В «Разговоре между Петером Леопольдом и президентом дю Пати» содержится немало любопытной местной информации и здравых замечаний; но слишком постоянный баланс поддерживается между аргументами в пользу реформ и трудностями, сопутствующими им. Наш автор — один из тех мыслителей-«колыбельщиков», которые никогда не видят решительного преимущества ни в чем, кроме нерешительности, один из тех адептов политического платонизма, которые всегда влюблены в теорию того, что правильно, пока дело не доходит до ее применения на практике. По поводу этого диалога у нас есть лишь одно замечание, которое мы повторим: в таких делах быть номинально гуманным — значит быть таковым практически — что там, где есть предрасположенность правительств уменьшить сумму человеческих страданий, там есть и власть, — и что дух гуманности — это великая вещь, недостающая обществу!
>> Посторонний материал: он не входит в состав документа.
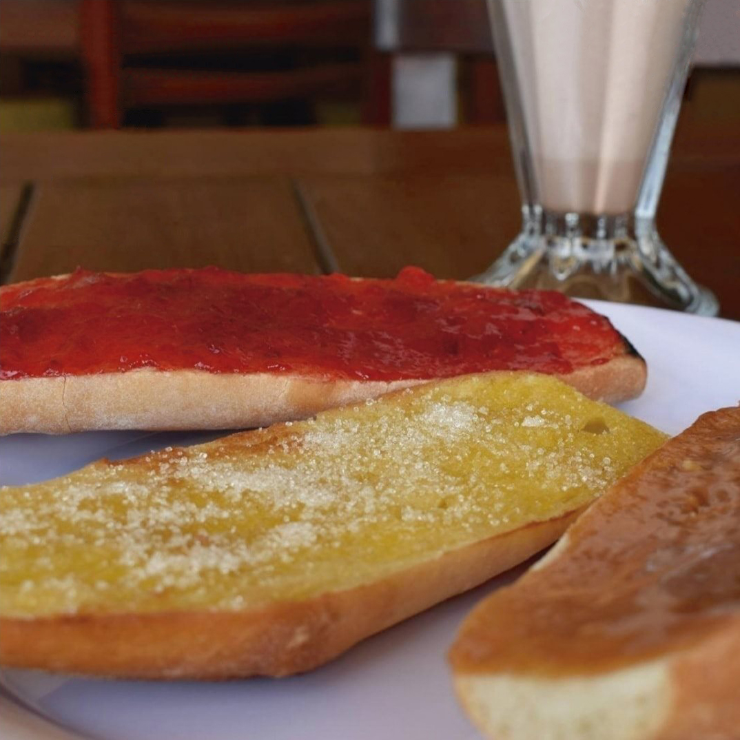 Mollete de medio birote con mantequilla o cajeta o mermelada de fresa.

Признаемся, нам больше нравится мистер Лэндор, когда он выводит на ковер великих людей древности. Он тогда, кажется, отбрасывает свои узкие и придирчивые предрассудки, расширяет свой взгляд с расстоянием объектов, которые он созерцает, и вливает силу, суровость, пыл и сладость в свой стиль, не недостойные тех восхитительных моделей, которым он, как предполагается, подражает. Таков в значительной степени тон наблюдений, которыми обмениваются Демосфен и Эвбулид.
«Эвбулид. В твоем языке, о Демосфен! есть сходство с Илиссом, чьи воды, как ты, должно быть, заметил, в большинстве сезонов чисты, прозрачны и равномерны в своем течении, но изобилуют глубинами, дно которых, когда мы различаем, мы удивляемся, что различаем его так ясно: та же река при каждом шторме раздувается в поток, без брода или границы, и становится сильнее и стремительнее от сопротивления.